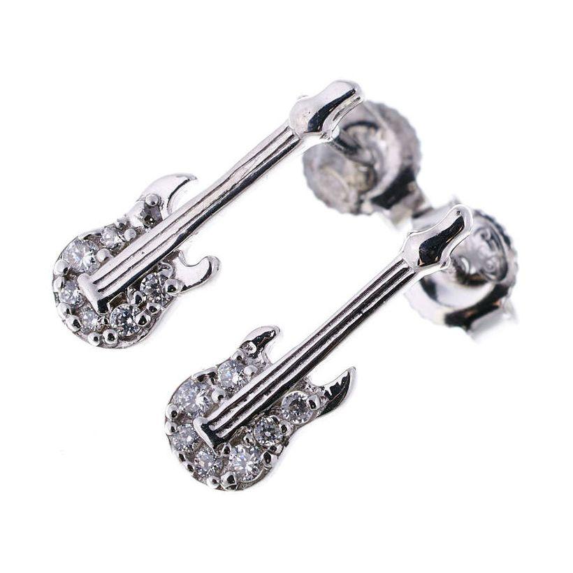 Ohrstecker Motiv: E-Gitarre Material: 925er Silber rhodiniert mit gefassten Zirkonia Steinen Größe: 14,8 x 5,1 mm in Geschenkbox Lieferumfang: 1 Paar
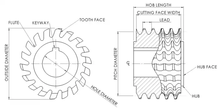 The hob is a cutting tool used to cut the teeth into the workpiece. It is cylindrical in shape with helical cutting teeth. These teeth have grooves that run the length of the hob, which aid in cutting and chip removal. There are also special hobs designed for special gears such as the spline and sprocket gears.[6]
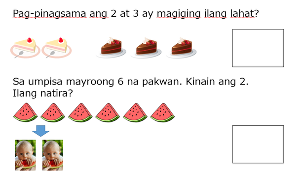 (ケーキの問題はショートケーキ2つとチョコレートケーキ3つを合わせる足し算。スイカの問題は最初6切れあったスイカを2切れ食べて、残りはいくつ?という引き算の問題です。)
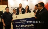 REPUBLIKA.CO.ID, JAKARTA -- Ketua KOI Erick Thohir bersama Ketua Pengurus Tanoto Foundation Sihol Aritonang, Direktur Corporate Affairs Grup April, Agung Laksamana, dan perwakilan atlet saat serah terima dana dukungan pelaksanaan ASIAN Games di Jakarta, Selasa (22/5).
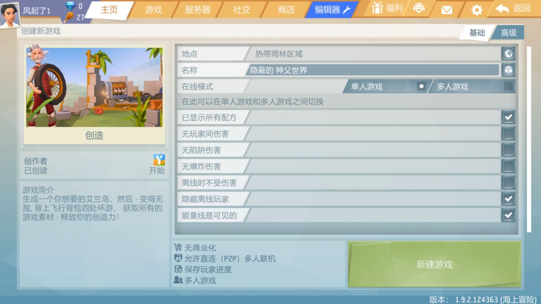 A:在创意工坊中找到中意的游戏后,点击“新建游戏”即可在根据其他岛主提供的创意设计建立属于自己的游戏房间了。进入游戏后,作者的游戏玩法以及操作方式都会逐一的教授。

________________

-- TASK ITEM --
Can the lines from the start of the records through the line with "(ケーキの問題はショートケー" be given again exactly, with the pictures left out?

-- ANSWER BELOW --
 Ohrstecker Motiv: E-Gitarre Material: 925er Silber rhodiniert mit gefassten Zirkonia Steinen Größe: 14,8 x 5,1 mm in Geschenkbox Lieferumfang: 1 Paar
 The hob is a cutting tool used to cut the teeth into the workpiece. It is cylindrical in shape with helical cutting teeth. These teeth have grooves that run the length of the hob, which aid in cutting and chip removal. There are also special hobs designed for special gears such as the spline and sprocket gears.[6]
 (ケーキの問題はショートケーキ2つとチョコレートケーキ3つを合わせる足し算。スイカの問題は最初6切れあったスイカを2切れ食べて、残りはいくつ?という引き算の問題です。)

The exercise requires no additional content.